## [DATA FOR THE TASK]
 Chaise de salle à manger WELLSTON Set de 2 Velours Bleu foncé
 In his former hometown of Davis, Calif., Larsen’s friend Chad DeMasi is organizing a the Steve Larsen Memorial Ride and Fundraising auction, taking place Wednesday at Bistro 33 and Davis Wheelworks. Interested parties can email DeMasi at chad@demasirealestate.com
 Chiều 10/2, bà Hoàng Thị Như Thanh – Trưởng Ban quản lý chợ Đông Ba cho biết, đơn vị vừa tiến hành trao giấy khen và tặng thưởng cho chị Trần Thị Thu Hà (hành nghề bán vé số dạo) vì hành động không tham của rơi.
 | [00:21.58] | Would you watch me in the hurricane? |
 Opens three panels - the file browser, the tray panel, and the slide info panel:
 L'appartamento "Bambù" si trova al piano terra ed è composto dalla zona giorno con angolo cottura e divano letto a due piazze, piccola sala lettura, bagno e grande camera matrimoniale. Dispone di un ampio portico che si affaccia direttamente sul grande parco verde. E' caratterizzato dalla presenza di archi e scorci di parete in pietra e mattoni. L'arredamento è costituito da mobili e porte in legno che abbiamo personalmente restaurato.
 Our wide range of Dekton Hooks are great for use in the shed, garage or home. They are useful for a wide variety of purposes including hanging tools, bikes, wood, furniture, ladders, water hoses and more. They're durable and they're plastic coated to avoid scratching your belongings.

...

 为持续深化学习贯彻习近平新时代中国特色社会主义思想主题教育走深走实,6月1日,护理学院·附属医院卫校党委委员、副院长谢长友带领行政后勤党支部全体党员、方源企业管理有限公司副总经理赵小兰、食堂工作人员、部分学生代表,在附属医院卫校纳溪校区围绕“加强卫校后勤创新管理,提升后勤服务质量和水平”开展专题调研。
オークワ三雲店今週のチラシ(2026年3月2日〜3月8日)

## [ASSIGNMENT]
What is needed is an exact copy of the lines above, from the one containing "Chiều 10/2, bà" through the one containing "Opens three panels", with nothing added.

## [FINAL ANSWER]
 Chiều 10/2, bà Hoàng Thị Như Thanh – Trưởng Ban quản lý chợ Đông Ba cho biết, đơn vị vừa tiến hành trao giấy khen và tặng thưởng cho chị Trần Thị Thu Hà (hành nghề bán vé số dạo) vì hành động không tham của rơi.
 | [00:21.58] | Would you watch me in the hurricane? |
 Opens three panels - the file browser, the tray panel, and the slide info panel:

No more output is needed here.